US crude oil production increased 200 MBbl/d last week, per the EIA. Crude oil imports were down 1.3 MMBbl/d last week, to an average of 5.9 MMBbl/d. Refinery inputs averaged 17.4 MMBbl/d (0.3 MMBbl/d less than last week’s average), leading to a utilization rate of 95.2%. The report is bullish due to significantly large crude oil and total petroleum stocks withdrawals. The increase in prices yesterday due to API’s report continued today, following the bullish EIA report. Prompt-month WTI was trading up $1.06/Bbl, at $55.99/Bbl, at the time of writing.

Prices saw a sharp increase on Tuesday due to a significantly large crude oil draw reported by API and the expectation of a similar drop from today’s report by EIA. The sharp increase in prices came despite the news from the G7 summit where France’s president lifted hopes for a deal between the US and Iran, which could mean Iran ramping up production, and despite the concerns about a recession and uncertainty around the lingering US–China trade wars

The developments around the US–China trade war continue to drive price movements in both directions, and the sentiment on the issue is changing rather fast, although no resolution and no deal between the world’s two largest economies seem to be possible anytime soon. Prices in the last two weeks have swung in both directions on this issue. Prices got some support the previous week from US President Donald Trump’s statement that he would be talking with his Chinese counterpart to discuss trade issues. Prices were further bolstered by the US stating it would extend a reprieve that permits China’s Huawei Technologies to buy components from US companies. The bullish sentiment from this news was short-lived as China last Friday announced it would impose retaliatory tariffs on $75 billion worth of imports from the US, which include crude oil. This announcement was followed by President Trump’s twitter posts in which he said he said he would be imposing higher tariff rates on some Chinese imports.

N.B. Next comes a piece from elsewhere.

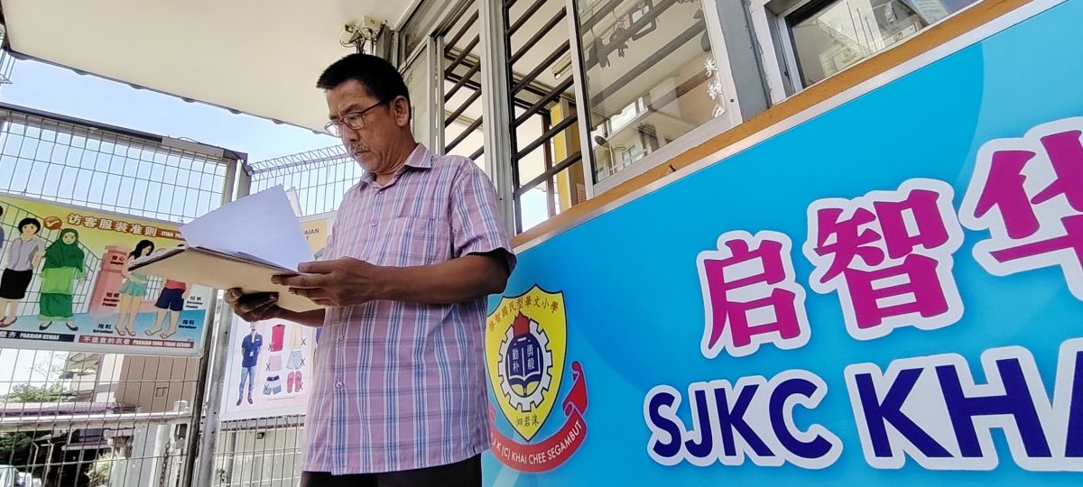 “拯救启智华小签名运动”发起人黄汶华、公正党泗岩末区部署理主席郑成隆和余保凭以及当地居民李国权,今午在学校门口保安亭提交请愿书给校方董事、家协和校友会,促当局尽快解决问题;较后校方已在请愿书下方,盖上校章收下。
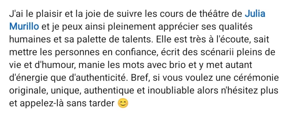 Le théâtre, c’est physique ! La gestuelle, l’attitude, tout cela concourt à la dynamique de votre cérémonie. Je vous rassure : je ne gesticule pas dans tous les sens. C’est justement tout un travail pour tomber juste dans ma posture : être présente sans en faire trop.

Monday brought more volatility to prices due to uncertainty and confusion about the US–China trade dispute. Prices first moved higher as both the US and China made statements and appeared to be willing to ease the rising tensions – first, with Trump stating that China was seeking a trade deal and that US officials had received calls from Chinese negotiators to return to discussions, and second, comments by China’s trade negotiator, Vice President Liu He, saying that Beijing hopes to resolve the trade war through “calm” negotiations without escalating the tensions any further. The hopes for a possible round of discussions perhaps a trade deal increased the bullish sentiment; however, news that Beijing did not confirm the phone call mentioned by Trump between Chinese and US officials reversed the sentiment and once again increased the doubts and concerns over whether any progress will be made regarding the US–China trade disputes.

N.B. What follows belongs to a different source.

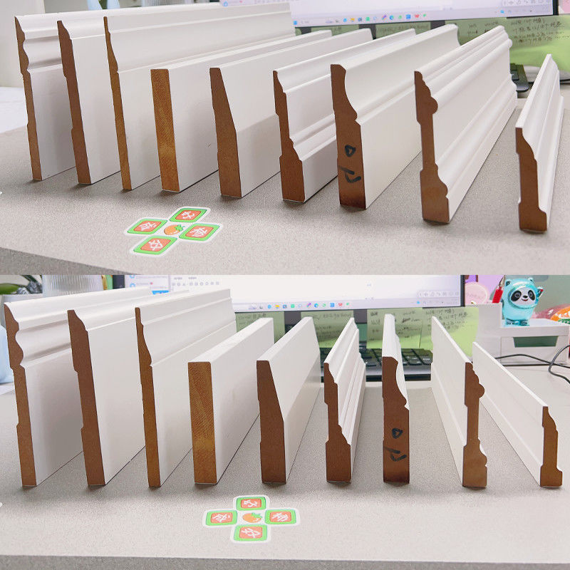 সাদা প্রাইমার: সাধারণ স্কার্টিং বোর্ডের বিপরীতে, কাঠের স্কার্টিং সাদা প্রাইমার বোর্ডগুলি উত্পাদনের সময় সাদা প্রাইমারের সাথে প্রি-লেপযুক্ত থাকে, তাদের পৃষ্ঠকে মসৃণ এবং অভিন্ন করে তোলে, উজ্জ্বল এবং বিশুদ্ধ রঙের সাথে, আলংকারিক প্রভাবকে বাড়িয়ে তোলে।

Prices have had trouble consistently trading above the $56/Bbl level in the last couple of weeks and market remains in the range of $50 to $58 as bearish sentiment is slowly taking over the market while tensions in Middle East prevents any significant decline in prices. At this point the only catalyst that could break the resistance and take prices close to the $60/Bbl range would be tensions in the Middle East drastically intensifying or a large reduction in output by OPEC. Prices can be further pressured in the near term if the US and Iran make any progress toward a deal and if US–China trade tensions worsen and further deteriorate global economic and demand growth. There also remains the possibility of China ignoring the bans on buying Iranian crude (in place of US crude) as a retaliatory posture, likely pressuring prices below $50. This event could flood the global crude market going into an already over-supplied 2020.